---------- LISTED RECORDS

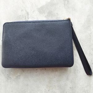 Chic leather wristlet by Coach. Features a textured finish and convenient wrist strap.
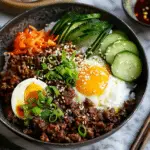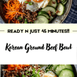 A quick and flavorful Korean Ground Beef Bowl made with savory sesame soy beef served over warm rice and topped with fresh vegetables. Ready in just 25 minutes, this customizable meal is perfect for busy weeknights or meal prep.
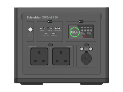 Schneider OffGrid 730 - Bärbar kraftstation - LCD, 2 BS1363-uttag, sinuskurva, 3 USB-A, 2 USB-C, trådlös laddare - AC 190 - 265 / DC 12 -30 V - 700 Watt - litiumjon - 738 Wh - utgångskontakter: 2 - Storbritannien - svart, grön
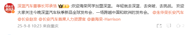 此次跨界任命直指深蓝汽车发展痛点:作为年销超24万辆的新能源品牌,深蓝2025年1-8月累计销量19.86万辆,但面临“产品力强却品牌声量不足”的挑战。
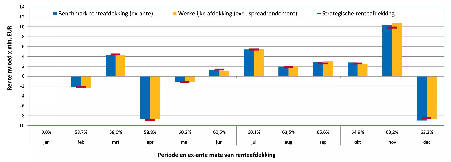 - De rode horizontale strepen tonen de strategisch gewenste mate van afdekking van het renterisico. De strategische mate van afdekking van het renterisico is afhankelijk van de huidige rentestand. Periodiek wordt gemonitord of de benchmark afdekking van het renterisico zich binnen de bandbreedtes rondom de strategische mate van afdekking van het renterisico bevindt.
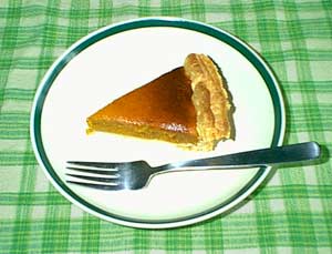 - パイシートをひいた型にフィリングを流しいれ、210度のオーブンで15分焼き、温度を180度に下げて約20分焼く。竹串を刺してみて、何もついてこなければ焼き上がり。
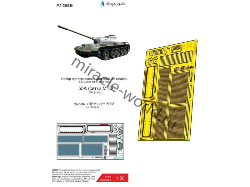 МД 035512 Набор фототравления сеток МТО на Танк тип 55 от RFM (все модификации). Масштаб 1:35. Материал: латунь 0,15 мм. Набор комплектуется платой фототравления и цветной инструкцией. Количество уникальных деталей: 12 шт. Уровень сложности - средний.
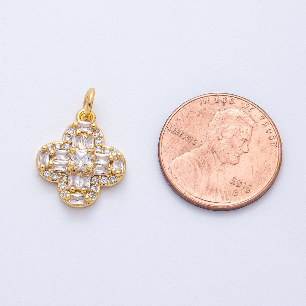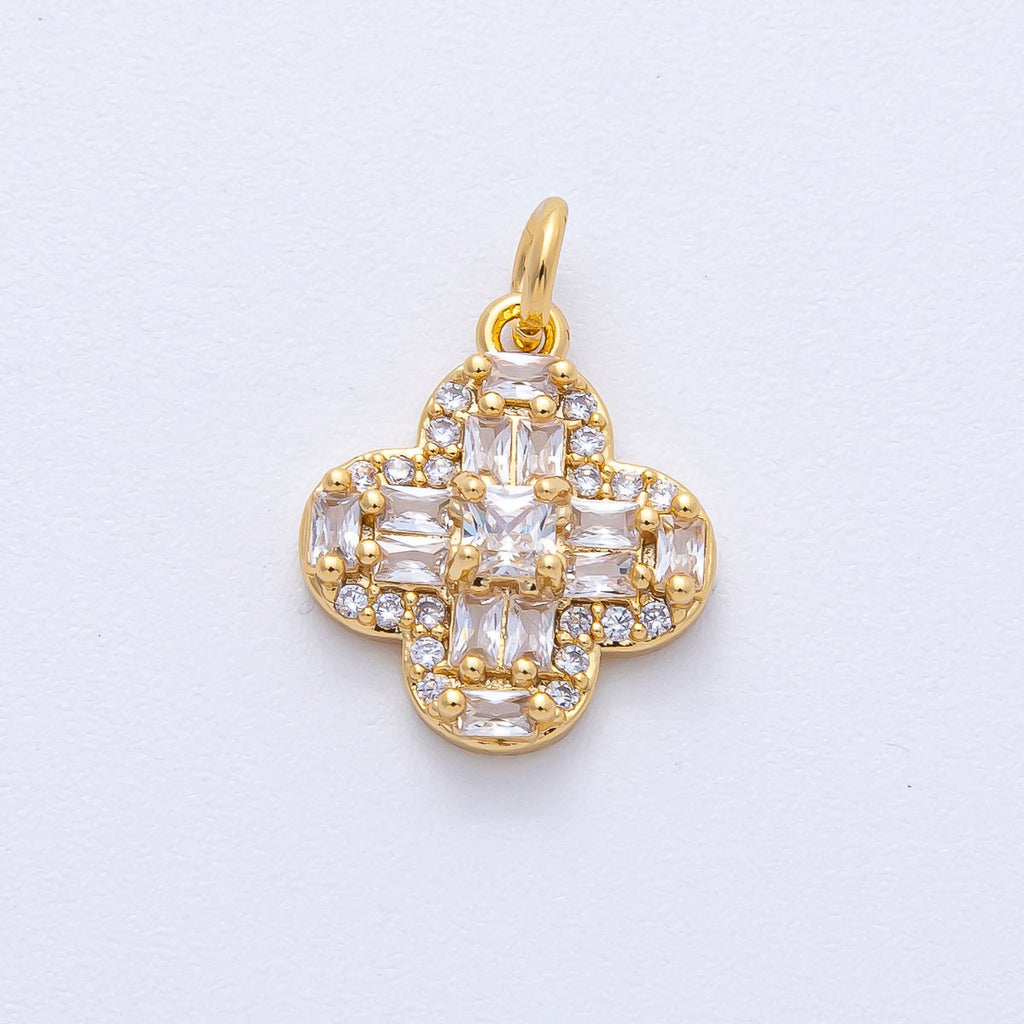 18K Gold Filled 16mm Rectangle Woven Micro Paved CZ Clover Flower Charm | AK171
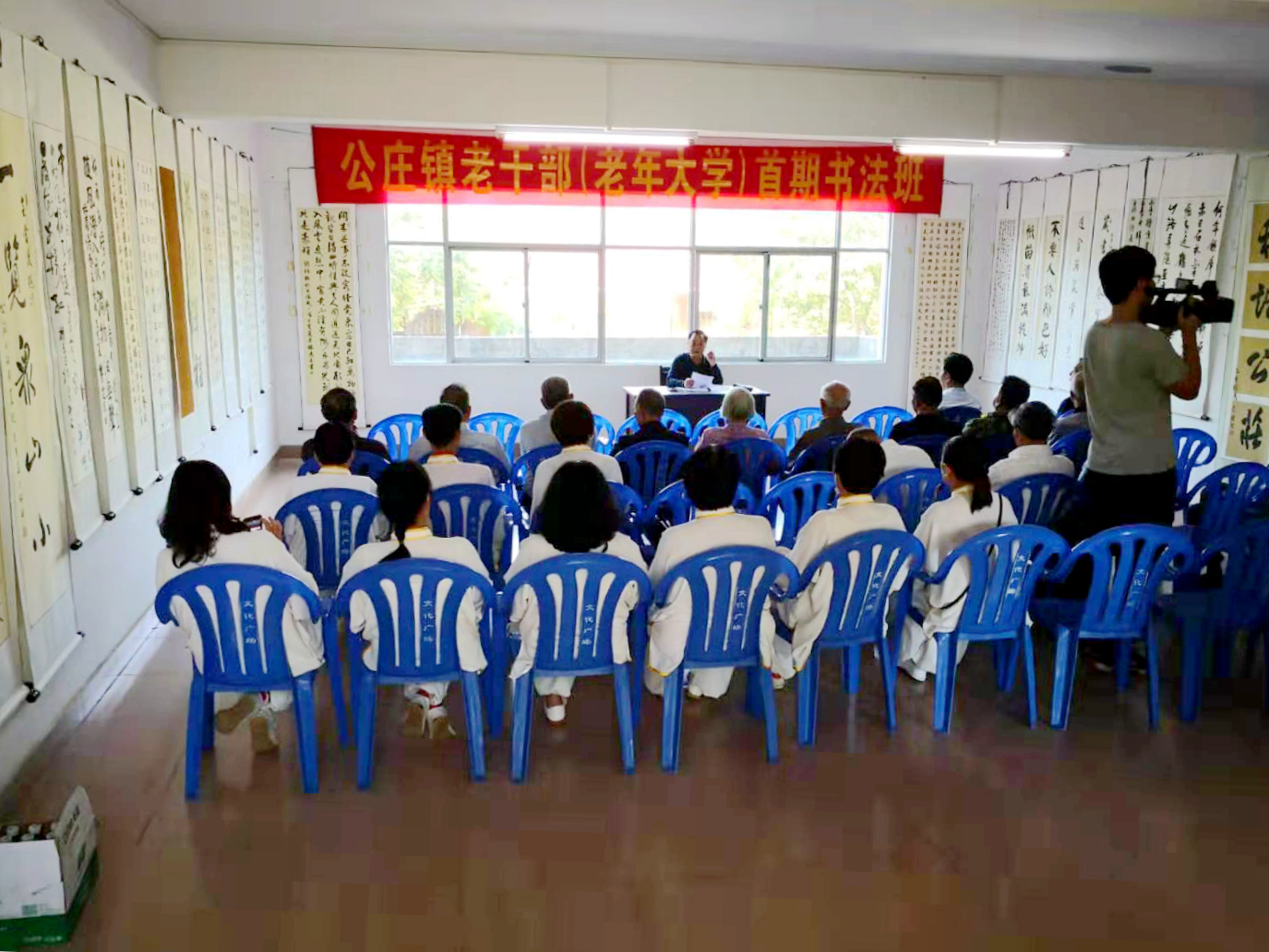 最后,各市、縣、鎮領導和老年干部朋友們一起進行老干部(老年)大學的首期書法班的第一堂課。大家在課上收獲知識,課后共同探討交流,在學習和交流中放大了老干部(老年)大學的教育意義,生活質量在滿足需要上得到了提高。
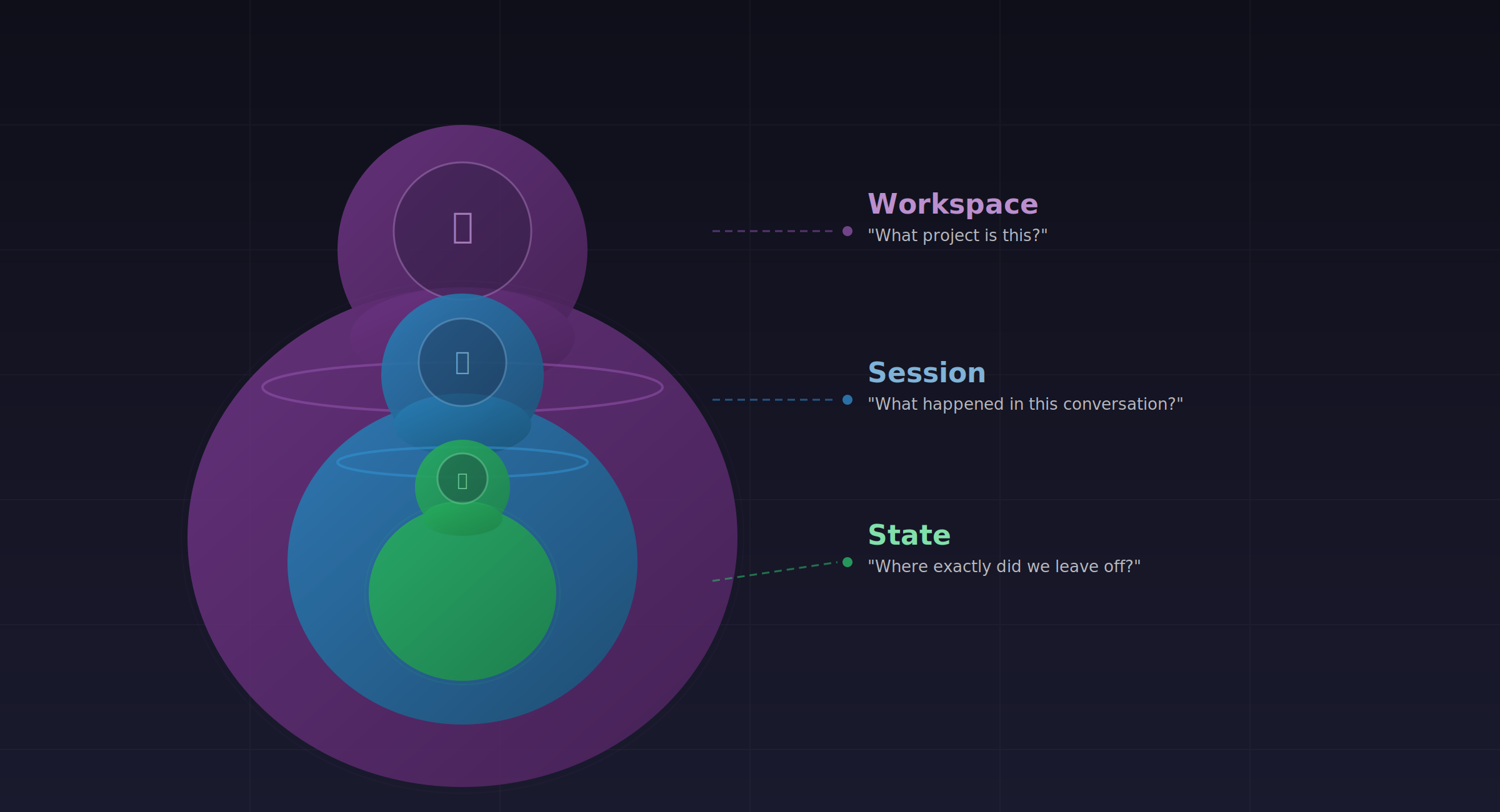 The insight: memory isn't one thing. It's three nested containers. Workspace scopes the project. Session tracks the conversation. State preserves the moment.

--------------------
---------- LISTED RECORDS

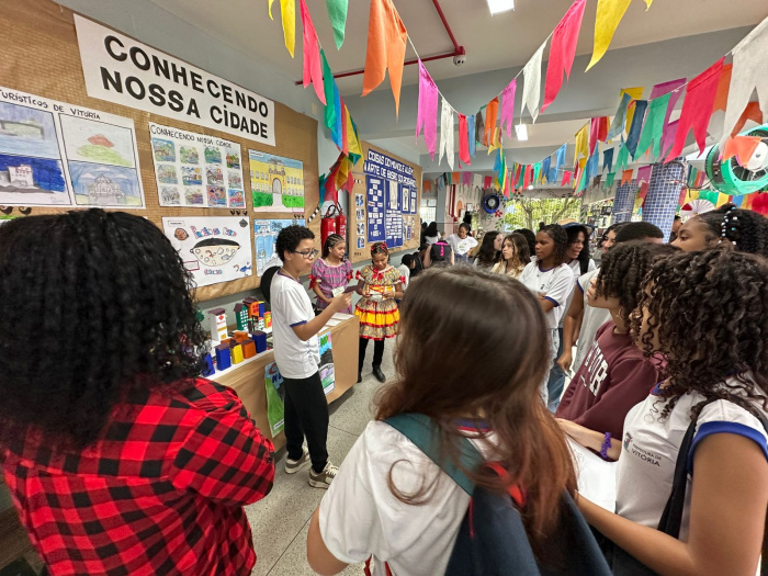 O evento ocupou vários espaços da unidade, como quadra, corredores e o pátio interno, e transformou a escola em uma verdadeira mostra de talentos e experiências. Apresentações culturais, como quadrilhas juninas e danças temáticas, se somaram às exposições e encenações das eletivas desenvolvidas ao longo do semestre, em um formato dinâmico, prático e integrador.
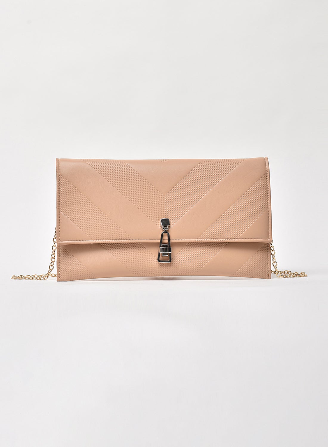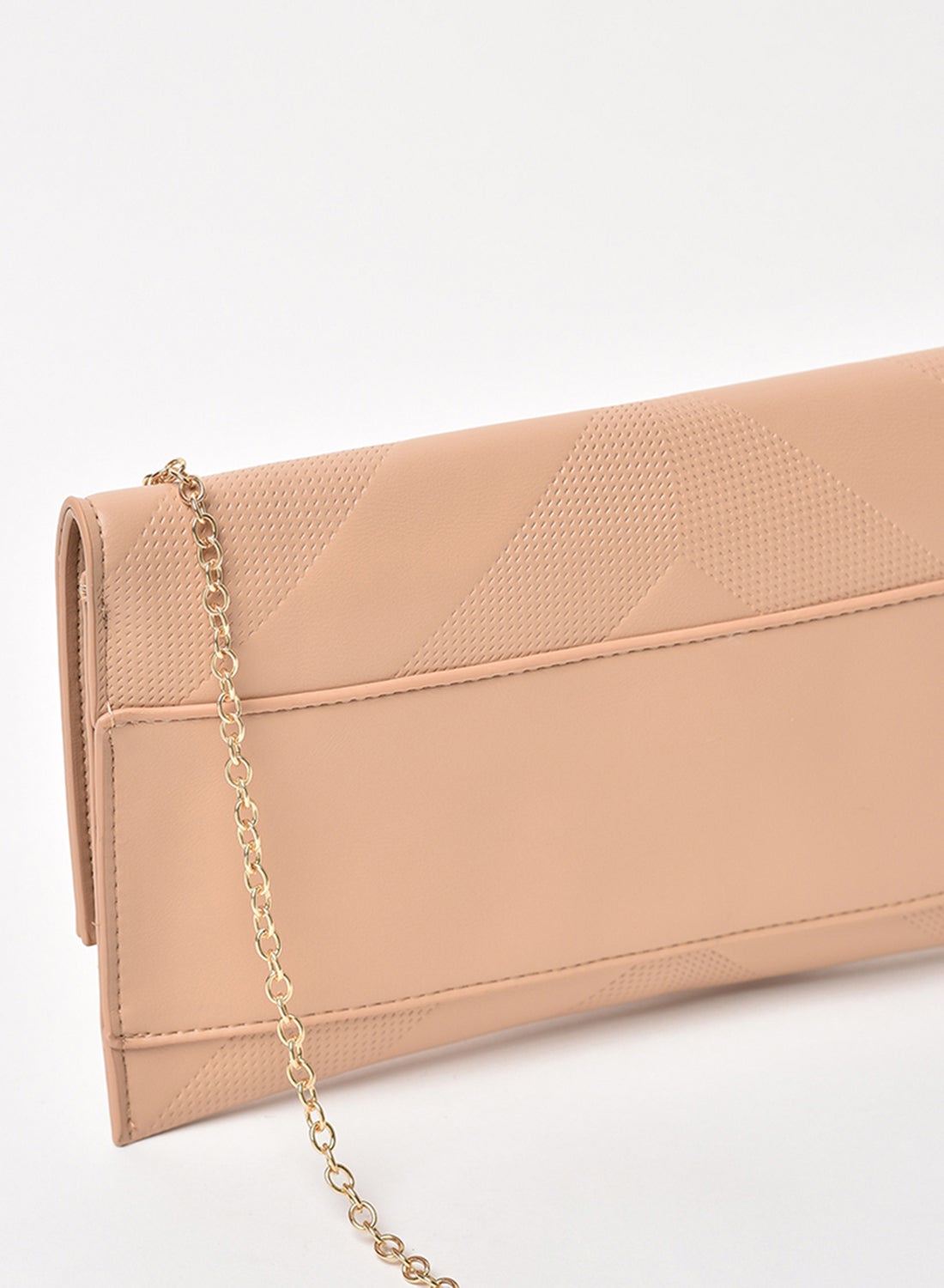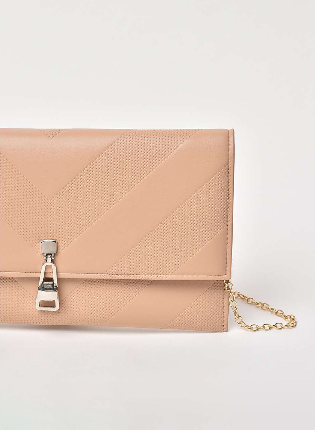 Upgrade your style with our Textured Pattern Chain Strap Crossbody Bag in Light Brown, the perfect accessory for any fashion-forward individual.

--------------------
---------- LISTED RECORDS

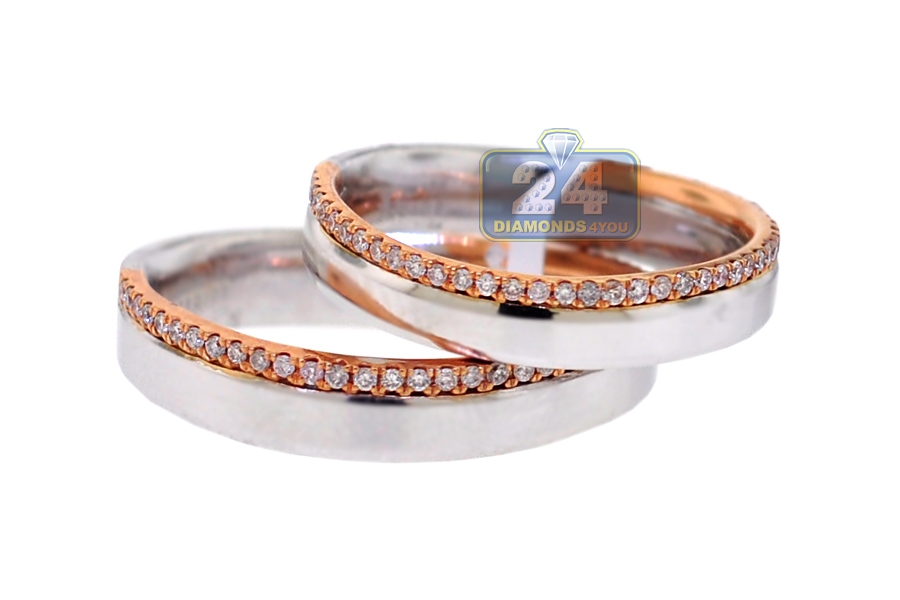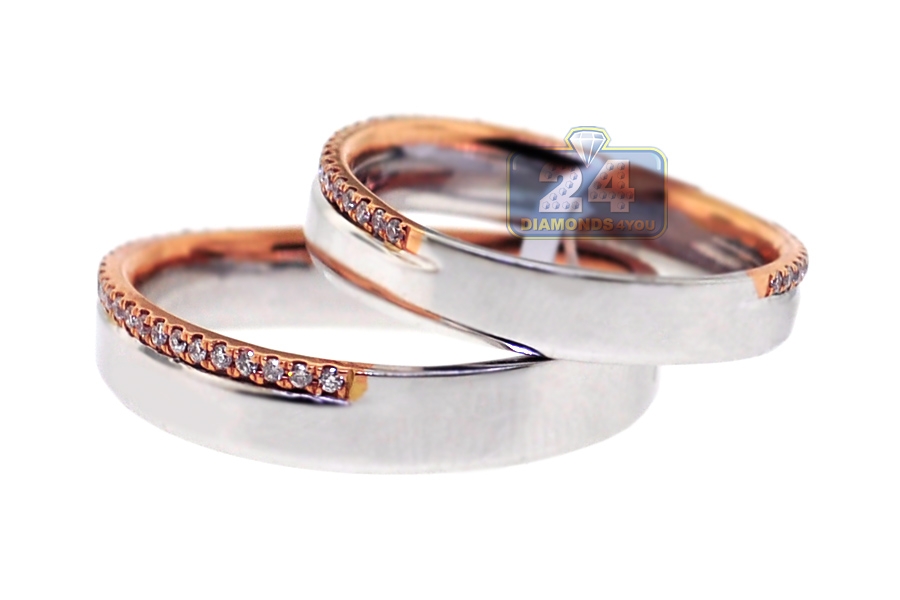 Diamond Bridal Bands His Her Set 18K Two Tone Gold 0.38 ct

--------------------

The lines above from the line with "Schneider OffGrid 730" through the line with "- パイシートをひいた型にフ" are to be given again word for word, with no pictures among them.

- **EXERCISE SOLUTION**:
 Schneider OffGrid 730 - Bärbar kraftstation - LCD, 2 BS1363-uttag, sinuskurva, 3 USB-A, 2 USB-C, trådlös laddare - AC 190 - 265 / DC 12 -30 V - 700 Watt - litiumjon - 738 Wh - utgångskontakter: 2 - Storbritannien - svart, grön
 此次跨界任命直指深蓝汽车发展痛点:作为年销超24万辆的新能源品牌,深蓝2025年1-8月累计销量19.86万辆,但面临“产品力强却品牌声量不足”的挑战。
 - De rode horizontale strepen tonen de strategisch gewenste mate van afdekking van het renterisico. De strategische mate van afdekking van het renterisico is afhankelijk van de huidige rentestand. Periodiek wordt gemonitord of de benchmark afdekking van het renterisico zich binnen de bandbreedtes rondom de strategische mate van afdekking van het renterisico bevindt.
 - パイシートをひいた型にフィリングを流しいれ、210度のオーブンで15分焼き、温度を180度に下げて約20分焼く。竹串を刺してみて、何もついてこなければ焼き上がり。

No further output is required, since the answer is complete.